The problem: From the records below, set down exactly the lines starting with the line that contains "선정돼 ‘전국풍류자랑’의 일환으로 공연된다." and going on through the line that contains "82午,党委副书记任得元,副". Nothing else is wanted.

Dataset excerpts:
====================

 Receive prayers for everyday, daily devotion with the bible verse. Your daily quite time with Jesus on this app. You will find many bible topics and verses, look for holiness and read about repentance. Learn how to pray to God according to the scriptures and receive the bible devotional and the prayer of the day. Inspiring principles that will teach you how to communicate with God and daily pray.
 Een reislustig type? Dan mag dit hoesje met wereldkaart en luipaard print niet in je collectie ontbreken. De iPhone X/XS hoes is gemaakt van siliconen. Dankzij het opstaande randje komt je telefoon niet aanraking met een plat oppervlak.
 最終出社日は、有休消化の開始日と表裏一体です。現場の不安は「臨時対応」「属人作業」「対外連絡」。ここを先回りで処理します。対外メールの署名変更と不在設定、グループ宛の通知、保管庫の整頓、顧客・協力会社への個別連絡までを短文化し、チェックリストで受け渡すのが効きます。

====================

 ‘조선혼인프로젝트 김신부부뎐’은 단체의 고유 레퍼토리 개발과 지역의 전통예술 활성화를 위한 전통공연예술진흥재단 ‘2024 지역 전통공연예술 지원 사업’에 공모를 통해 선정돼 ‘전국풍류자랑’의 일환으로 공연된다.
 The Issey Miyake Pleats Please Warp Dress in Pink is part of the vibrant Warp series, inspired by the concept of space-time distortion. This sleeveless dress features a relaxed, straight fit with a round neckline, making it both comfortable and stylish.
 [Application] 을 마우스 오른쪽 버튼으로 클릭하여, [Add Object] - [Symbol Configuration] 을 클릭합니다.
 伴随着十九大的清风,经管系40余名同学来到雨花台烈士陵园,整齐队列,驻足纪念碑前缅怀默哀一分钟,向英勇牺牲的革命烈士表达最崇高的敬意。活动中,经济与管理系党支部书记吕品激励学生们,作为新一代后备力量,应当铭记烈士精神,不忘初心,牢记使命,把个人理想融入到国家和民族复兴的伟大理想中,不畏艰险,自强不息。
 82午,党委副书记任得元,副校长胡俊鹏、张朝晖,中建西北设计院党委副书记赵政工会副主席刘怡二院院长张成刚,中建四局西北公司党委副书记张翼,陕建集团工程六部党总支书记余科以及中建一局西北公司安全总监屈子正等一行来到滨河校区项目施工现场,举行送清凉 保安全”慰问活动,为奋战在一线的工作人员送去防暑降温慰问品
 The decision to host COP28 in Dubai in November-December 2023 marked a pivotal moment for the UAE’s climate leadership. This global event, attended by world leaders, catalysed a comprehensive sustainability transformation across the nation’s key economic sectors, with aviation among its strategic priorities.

====================

Response:
 ‘조선혼인프로젝트 김신부부뎐’은 단체의 고유 레퍼토리 개발과 지역의 전통예술 활성화를 위한 전통공연예술진흥재단 ‘2024 지역 전통공연예술 지원 사업’에 공모를 통해 선정돼 ‘전국풍류자랑’의 일환으로 공연된다.
 The Issey Miyake Pleats Please Warp Dress in Pink is part of the vibrant Warp series, inspired by the concept of space-time distortion. This sleeveless dress features a relaxed, straight fit with a round neckline, making it both comfortable and stylish.
 [Application] 을 마우스 오른쪽 버튼으로 클릭하여, [Add Object] - [Symbol Configuration] 을 클릭합니다.
 伴随着十九大的清风,经管系40余名同学来到雨花台烈士陵园,整齐队列,驻足纪念碑前缅怀默哀一分钟,向英勇牺牲的革命烈士表达最崇高的敬意。活动中,经济与管理系党支部书记吕品激励学生们,作为新一代后备力量,应当铭记烈士精神,不忘初心,牢记使命,把个人理想融入到国家和民族复兴的伟大理想中,不畏艰险,自强不息。
 82午,党委副书记任得元,副校长胡俊鹏、张朝晖,中建西北设计院党委副书记赵政工会副主席刘怡二院院长张成刚,中建四局西北公司党委副书记张翼,陕建集团工程六部党总支书记余科以及中建一局西北公司安全总监屈子正等一行来到滨河校区项目施工现场,举行送清凉 保安全”慰问活动,为奋战在一线的工作人员送去防暑降温慰问品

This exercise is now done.